In 2014 Andre was made an honorary Visit Kyoto Ambassador by the Kyoto Prefecture Government.
Seung Yeop Ryu
Chef de Cuisine
Having moved from Seoul to Melbourne in 2009, Seung worked in a number of top restaurants before stepping into the head chef position at Kumo Izakaya in 2016.
He refined his Japanese cuisine knowledge and skills at Komeyui, and further enhanced his art under the guidance of top chef Martin Horsley at no35 Sofitel. Trained to blend European and modern Australian cuisine to delight the diner, Seung now uses his skill and passion to create a unique and eclectic experience of Japanese and Korean dishes.
Kumo Izakaya and Sake Bar stands proud at the corner of Lygon and O’Connor streets in Brunswick East. The building is iconic to the area and was constructed in 1956 – we know this because the bricks are marked with Olympic rings in recognition of the Melbourne Olympics. It was originally a bank – it took us two days to cut through the vault to make our sake store!
This old bank was transformed into Kumo Izakaya by Richie Built Designer Builders who worked in collaboration with architect Victor Isobe (from Zen Design, known in Melbourne for Yu-U, Heirloom and Tempura Hajime).
The eclectic Japanese design style seamlessy blends industrial and Art Deco influences.
Every detail of the design at Kumo has been considered and reconsidered in an meticulous process of finding a whimsical yet true balance. On the one hand the beautiful bones of the historic building, which reflect the Japanese notes of its natural materials (stone, wood, concrete, steel and glass). On the other its simple, modernist proportions, which reveal the natural synergy between industrial Japanese and Art Deco style.
As the design evolved, we were inspired by the influence of Japanese art, primarily ukiyo-e woodblock prints on modernist architects (most notably Frank Lloyd Wright). The wood block prints that first arrived in Europe in the late 1880s were the seed of Art Nouveau – the new aesthetic that distinguished itself away from frilly Victorian detail and realism and towards flowing, natural, botanically-inspired shapes and simple flat 2D geometry. We saw the ‘borrowed’ patterns and shapes taken Japanese design and widely copied within Art Nouveau, then Art Deco, an extension of Art Nouveau that simplified it and moved toward a more machine-oriented and streamlined industrial aesthetic.

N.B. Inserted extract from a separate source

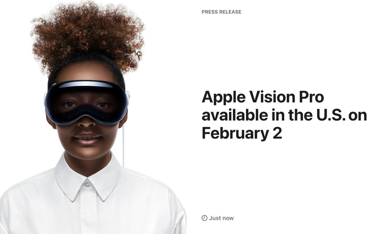 Apple Vision Pro поступит в продажу 2 февраля. Для рынка США предварительный заказ можно будет оформить уже 19 января.

You’ll find many recycled ‘found objects’ from the original 1956 decor as well as great use of recycled Victorian Ash and Tassie Oak (in particular the eight metre communal table, which seats 26, and the 15 metre bar, seating 18). You’ll also find 1930s inspired, custom made bar stools and chairs (modelled on a traditional machinist’s chair) with hand-crafted iron frames, and dusky dark green and blue leather seats. Special care has been taken to source hand-painted lamp shades reminiscent of those found in the State Library Reading Room – which create pools of light that welcome intimate conversation. Many details have been hand made by local craftspeople and artisan builders, so we’re extremely proud of Kumo.
Whether your’re at the bar, the communal table, or huddled in a booth, there’s something for everyone – including a 10-seater tatami room for private dining.

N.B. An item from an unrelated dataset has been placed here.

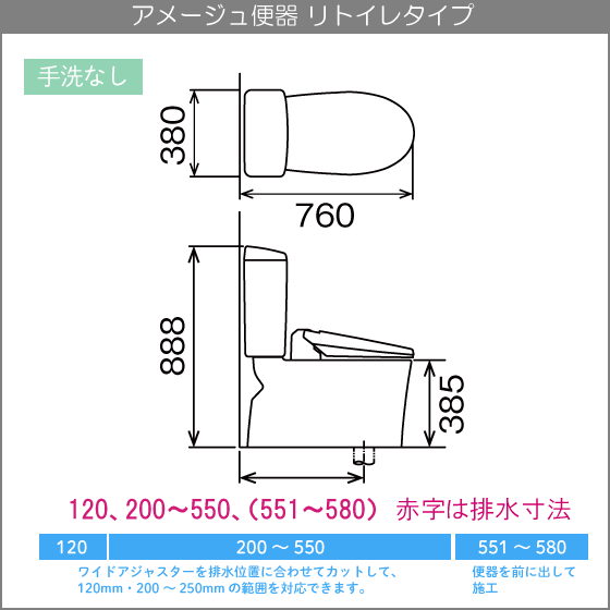 ・ 排水可変範囲(便器後方の壁から排水芯120mm、200mm~580mm)

Kumo founder and co-owner Andre Bishop is one of Melbourne’s quiet achievers in hospitality.
He’s the man behind the revitalisation of Japanese institution Izakaya Chuji, on Lonsdale Street In Melbourne. He also created Izakaya Chuji’s South Melbourne offshoot.
Andre is also behind Nihonshu Sake & Shochu Bar in Melbourne’s CBD.
Other venues that have seen Andre’s touch are the pioneering Japanese pop culture Robot Bar as well as the multi-award winning Golden Monkey (inspired by the 1920s opium dens and bars of Shanghai).